((
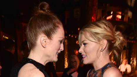 Elizabeth (41) zag er een stuk fleuriger uit dan haar collega Julianne. Zij koos voor een A-lijn jurk met bloemenprint uit de herfst/winter 2015 collectie van modeontwerper Elie Saab. Opvallend: Julianne's zwarte jurk komt uit een lente/zomer collectie. Je zou bijna denken dat de jurken zijn geswitcht...
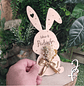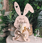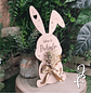 Coelho em madeira gravado e decorado com flores e fita dourada.
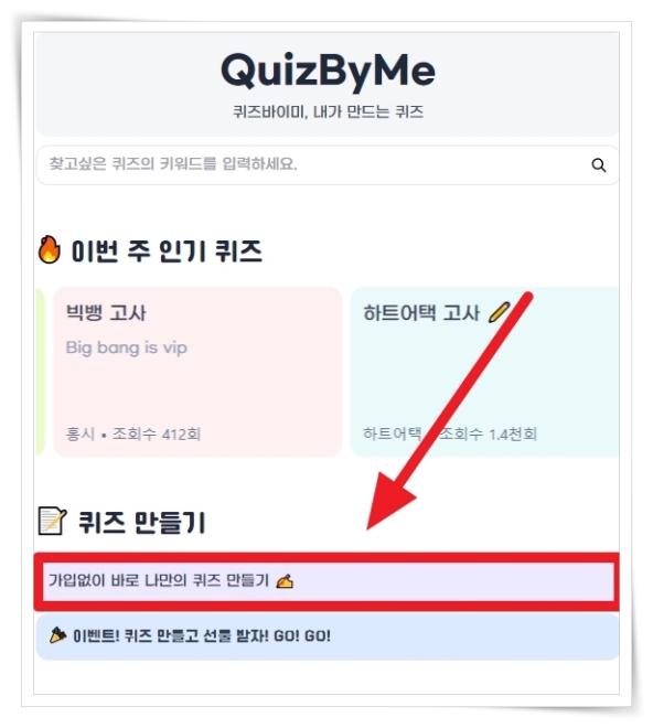 1. 홈페이지에서 "퀴즈 만들기"를 클릭해 주세요.
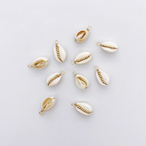 Le détail des perles dorées rend les cauri encore plus joli.
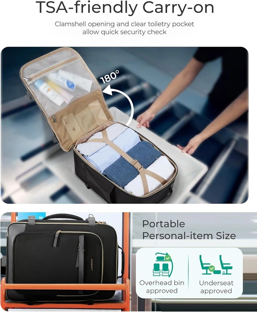 BAGSMART Travel Backpack for Women, Large Personal Item Bag, 40L Beige Product Details Product Dimensions: 8 x 13 x 18 inches Item Weight: 1.83 pounds Department: unisex-adult Age Range Description: Adult Number Of Items: 1 Capacity Total: 32 Liters 【Fashionably Functional Design】Elevate your travel style with a travel backpack carry on flight approved that blends fashion and functionality. Crafted from sturdy, scratch-resistant materials, this women's suitcase for travel stands out for its durability and chic appearance, making it perfect for modern female travelers who value both style and substance 【Ample Storage with 40L Capacity】Whether you're off for a weekend getaway or an extended trip, enjoy the spaciousness of 40L capacity. This carry on backpack accommodates everything from multiple outfits to tech gear, including a dedicated compartment for a 17.3-inch laptop. It's designed to meet the packing needs of dynamic female travelers who require versatility and organization 【Advanced Cleanliness Solutions】Maintain impeccable hygiene with an integrated antimicrobial lining in the wet bag of travel backpack for women. Crafted from premium waterproof material, it efficiently separates damp items or toiletries, safeguarding the rest of your belongings from moisture and odors 【Streamlined Travel Compliance】Navigate airports seamlessly with a travel backpack that meets optimal carry-on dimensions (18 x 13 x 8.2 inches). Compliant with major airline guidelines, it fits effortlessly into overhead compartments and under seats, ensuring hassle-free travel transitions.This personal item travel bag is also great for college, work, business and outdoor activities 【Ergonomic Comfort and Durability】The backpack for women features experience superior comfort with ergonomic, breathable shoulder straps and reinforced stitching for durability. Designed to endure extensive travel while providing ergonomic support, it's tailored for the active lifestyle of today's female travelers
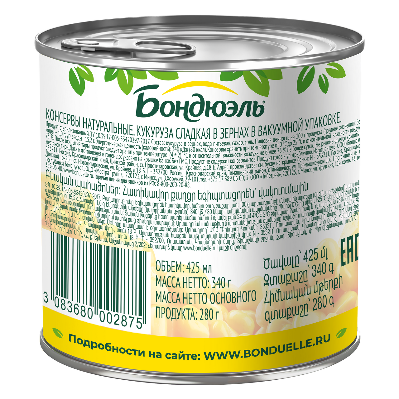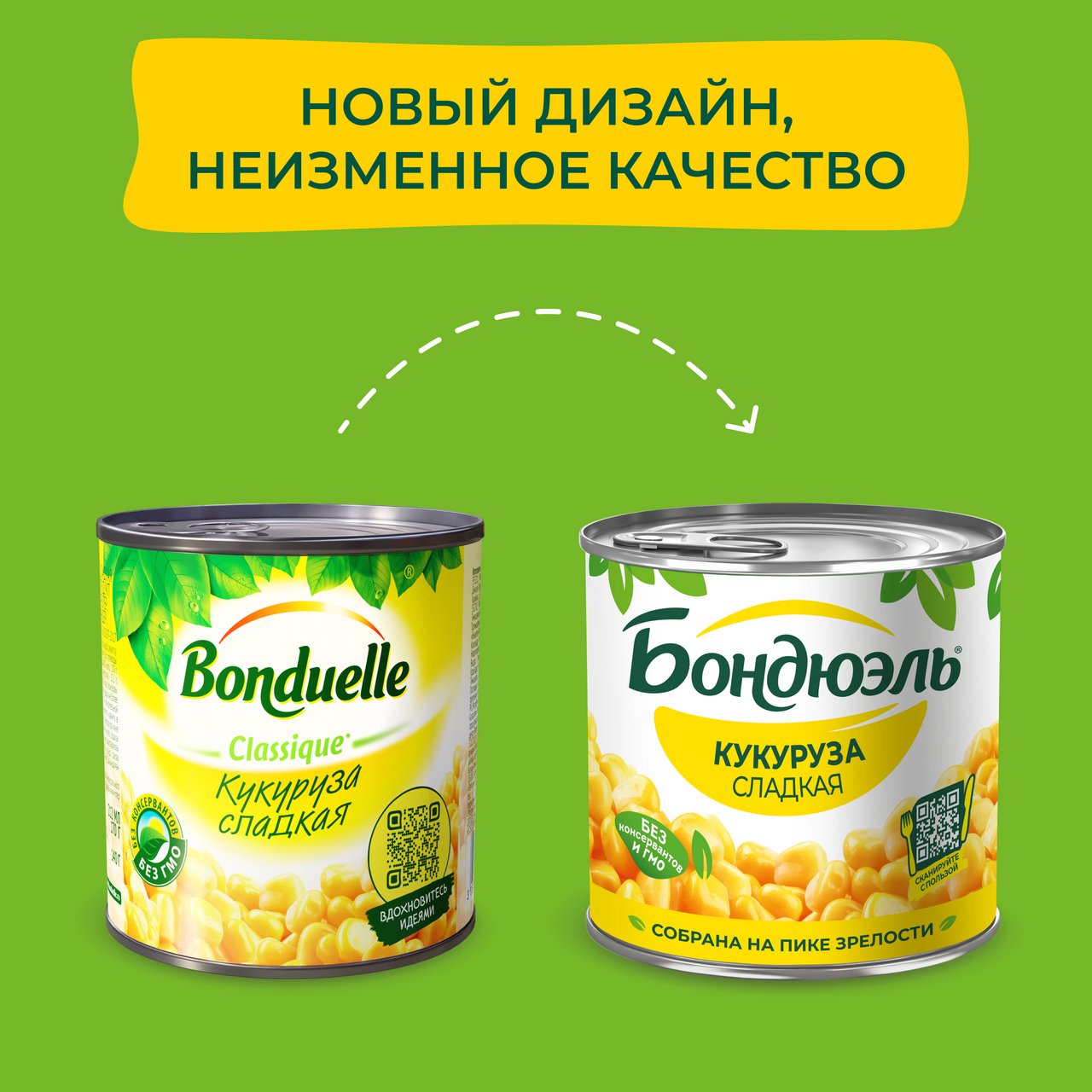 Тот самый чудесный вкус, которые многие помнят с детства! Сладкая кукуруза тщательно отбирается, прежде чем попасть в банку, процесс от сбора с грядки до упаковки проходит всего за 4 часа, поэтому на вашем столе всегда самые отборные, сочные и золотистые зерна. Создавайте классические, традиционные блюда с сочной и универсальной кукурузой от Бондюэль.
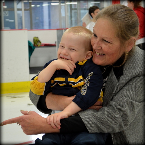 Little Kellen was there with his mom and dad, and Laura.  Laura has been involved with Kellen’s family many months.  She is providing counseling to help the family deal with the stresses of raising a special child.  You see, Kellen with his sweet smile, has Angelman Syndrome.  His disability  had kept him isolated from the family up until recently.  He needs to have support when standing and would use anything to pull himself up, often endangering himself.  For his own safety, his parents had to limit him to one nearly empty room.  The family was “adopted’ this past Christmas and given an enclosure system that was placed in the family room.  Now Kellen can be an active part of the family without causing himself harm.
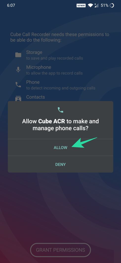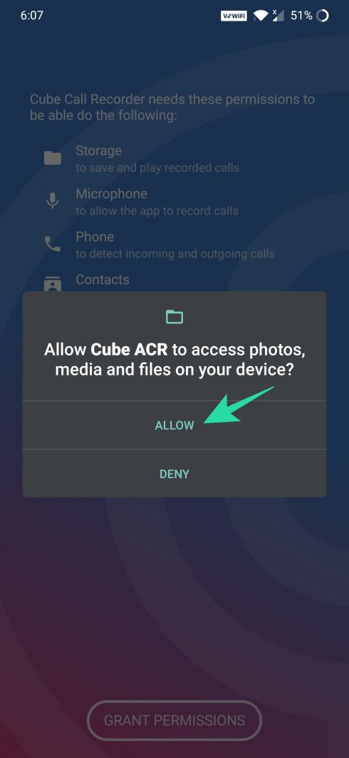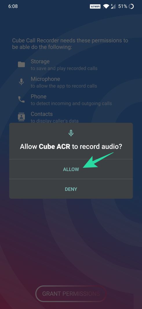 Step 5: You will now be prompted to allow the app access to contacts, phone, storage, and microphone. To do that, tap on Allow for the different permissions.
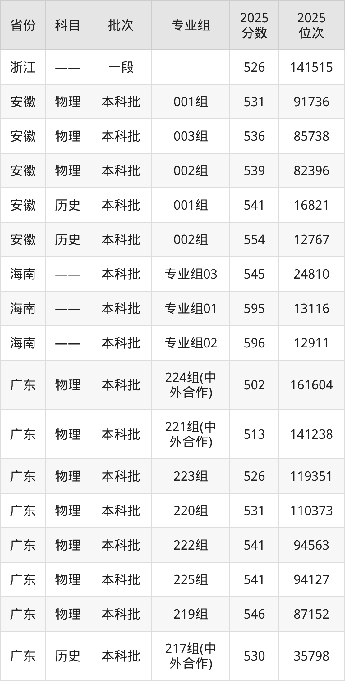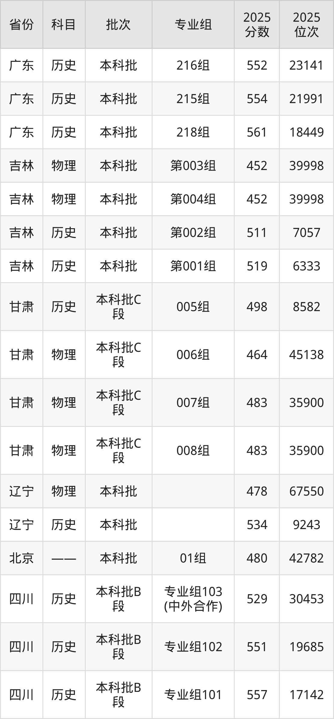 2025年投档录取最低分为554分,录取最低位次为20836名。
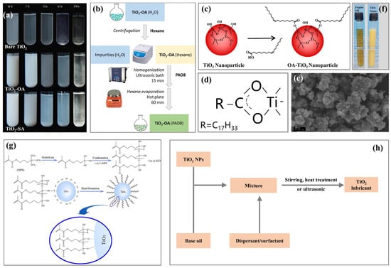 Organic modification and properties of bare TiO2 NPs. (a) Dispersion stability in toluene [84]. (b) The process of OA modification of TiO2 [30]. (c,d) Interaction patterns between OA and TiO2 [85,86]. (e) SEM images of TiO2-OA NPs [30]. (f) Comparison of nano-lubricants and base oils [39]. (g) TiO2 modified by silane coupling agent [87]. (h) The preparation of nano-lubricants employing dispersants.
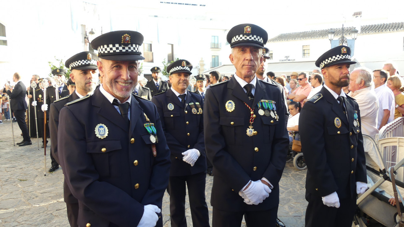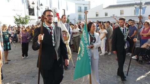 Junto a estas jóvenes también se ha podido ver a representantes de asociaciones parroquiales y de María Auxiliadora, a miembros de todas las hermandades de penitencia y gloria de la villa por orden de antigüedad, hermanos de la Hermandad del Rosario y miembros del Consejo Local de Hermandades y Cofradías, con su presidente José Manuel Sánchez Peña a la cabeza. Completaban el largo cortejo una amplia representación de agentes de la Policía Local de Rota, de la Asociación Santo Ángel de la Policía Nacional (ASACRO), de la Guardia Civil y de Protección Civil.
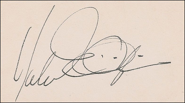 Two items: color cardstock 8 x 10 of Ellington at his piano, signed in black felt tip, “Good Luck, Duke Ellington,” adding the word “Love”; and an ink signature on an off-white 3.5 x 2 card. In fine condition, with irregular ink adhesion and some light brushing to the signature on the photo.
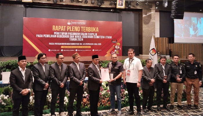 Penetapan tersebut termuat dalam surat keputusan KPU Sumut Nomor 139 Tahun 2025 Tentang Penetapan Pasangan Calon Gubernur dan Wakil Gubernur Terpilih Provinsi Sumatera Utara Tahun 2024, yang dibacakan oleh Ketua KPU Sumut, Agus Arifin, saat pelaksanaan Rapat Pleno Penetapan Pasangan Calon Terpilih Pada Pemilihan Gubernur dan Wakil Gubernur Sumatera Utara Tahun 2024 di Hotel Grand Mercure Medan, Rabu (05/02/2025) sore.
))
- **HOW TO COMPLETE THIS TASK**: Print all of the records shown above exactly, leaving out each picture.

- **EXERCISE OUTPUT**:
 Elizabeth (41) zag er een stuk fleuriger uit dan haar collega Julianne. Zij koos voor een A-lijn jurk met bloemenprint uit de herfst/winter 2015 collectie van modeontwerper Elie Saab. Opvallend: Julianne's zwarte jurk komt uit een lente/zomer collectie. Je zou bijna denken dat de jurken zijn geswitcht...
 Coelho em madeira gravado e decorado com flores e fita dourada.
 1. 홈페이지에서 "퀴즈 만들기"를 클릭해 주세요.
 Le détail des perles dorées rend les cauri encore plus joli.
 BAGSMART Travel Backpack for Women, Large Personal Item Bag, 40L Beige Product Details Product Dimensions: 8 x 13 x 18 inches Item Weight: 1.83 pounds Department: unisex-adult Age Range Description: Adult Number Of Items: 1 Capacity Total: 32 Liters 【Fashionably Functional Design】Elevate your travel style with a travel backpack carry on flight approved that blends fashion and functionality. Crafted from sturdy, scratch-resistant materials, this women's suitcase for travel stands out for its durability and chic appearance, making it perfect for modern female travelers who value both style and substance 【Ample Storage with 40L Capacity】Whether you're off for a weekend getaway or an extended trip, enjoy the spaciousness of 40L capacity. This carry on backpack accommodates everything from multiple outfits to tech gear, including a dedicated compartment for a 17.3-inch laptop. It's designed to meet the packing needs of dynamic female travelers who require versatility and organization 【Advanced Cleanliness Solutions】Maintain impeccable hygiene with an integrated antimicrobial lining in the wet bag of travel backpack for women. Crafted from premium waterproof material, it efficiently separates damp items or toiletries, safeguarding the rest of your belongings from moisture and odors 【Streamlined Travel Compliance】Navigate airports seamlessly with a travel backpack that meets optimal carry-on dimensions (18 x 13 x 8.2 inches). Compliant with major airline guidelines, it fits effortlessly into overhead compartments and under seats, ensuring hassle-free travel transitions.This personal item travel bag is also great for college, work, business and outdoor activities 【Ergonomic Comfort and Durability】The backpack for women features experience superior comfort with ergonomic, breathable shoulder straps and reinforced stitching for durability. Designed to endure extensive travel while providing ergonomic support, it's tailored for the active lifestyle of today's female travelers
 Тот самый чудесный вкус, которые многие помнят с детства! Сладкая кукуруза тщательно отбирается, прежде чем попасть в банку, процесс от сбора с грядки до упаковки проходит всего за 4 часа, поэтому на вашем столе всегда самые отборные, сочные и золотистые зерна. Создавайте классические, традиционные блюда с сочной и универсальной кукурузой от Бондюэль.
 Little Kellen was there with his mom and dad, and Laura.  Laura has been involved with Kellen’s family many months.  She is providing counseling to help the family deal with the stresses of raising a special child.  You see, Kellen with his sweet smile, has Angelman Syndrome.  His disability  had kept him isolated from the family up until recently.  He needs to have support when standing and would use anything to pull himself up, often endangering himself.  For his own safety, his parents had to limit him to one nearly empty room.  The family was “adopted’ this past Christmas and given an enclosure system that was placed in the family room.  Now Kellen can be an active part of the family without causing himself harm.
 Step 5: You will now be prompted to allow the app access to contacts, phone, storage, and microphone. To do that, tap on Allow for the different permissions.
 2025年投档录取最低分为554分,录取最低位次为20836名。
 Organic modification and properties of bare TiO2 NPs. (a) Dispersion stability in toluene [84]. (b) The process of OA modification of TiO2 [30]. (c,d) Interaction patterns between OA and TiO2 [85,86]. (e) SEM images of TiO2-OA NPs [30]. (f) Comparison of nano-lubricants and base oils [39]. (g) TiO2 modified by silane coupling agent [87]. (h) The preparation of nano-lubricants employing dispersants.
 Junto a estas jóvenes también se ha podido ver a representantes de asociaciones parroquiales y de María Auxiliadora, a miembros de todas las hermandades de penitencia y gloria de la villa por orden de antigüedad, hermanos de la Hermandad del Rosario y miembros del Consejo Local de Hermandades y Cofradías, con su presidente José Manuel Sánchez Peña a la cabeza. Completaban el largo cortejo una amplia representación de agentes de la Policía Local de Rota, de la Asociación Santo Ángel de la Policía Nacional (ASACRO), de la Guardia Civil y de Protección Civil.
 Two items: color cardstock 8 x 10 of Ellington at his piano, signed in black felt tip, “Good Luck, Duke Ellington,” adding the word “Love”; and an ink signature on an off-white 3.5 x 2 card. In fine condition, with irregular ink adhesion and some light brushing to the signature on the photo.
 Penetapan tersebut termuat dalam surat keputusan KPU Sumut Nomor 139 Tahun 2025 Tentang Penetapan Pasangan Calon Gubernur dan Wakil Gubernur Terpilih Provinsi Sumatera Utara Tahun 2024, yang dibacakan oleh Ketua KPU Sumut, Agus Arifin, saat pelaksanaan Rapat Pleno Penetapan Pasangan Calon Terpilih Pada Pemilihan Gubernur dan Wakil Gubernur Sumatera Utara Tahun 2024 di Hotel Grand Mercure Medan, Rabu (05/02/2025) sore.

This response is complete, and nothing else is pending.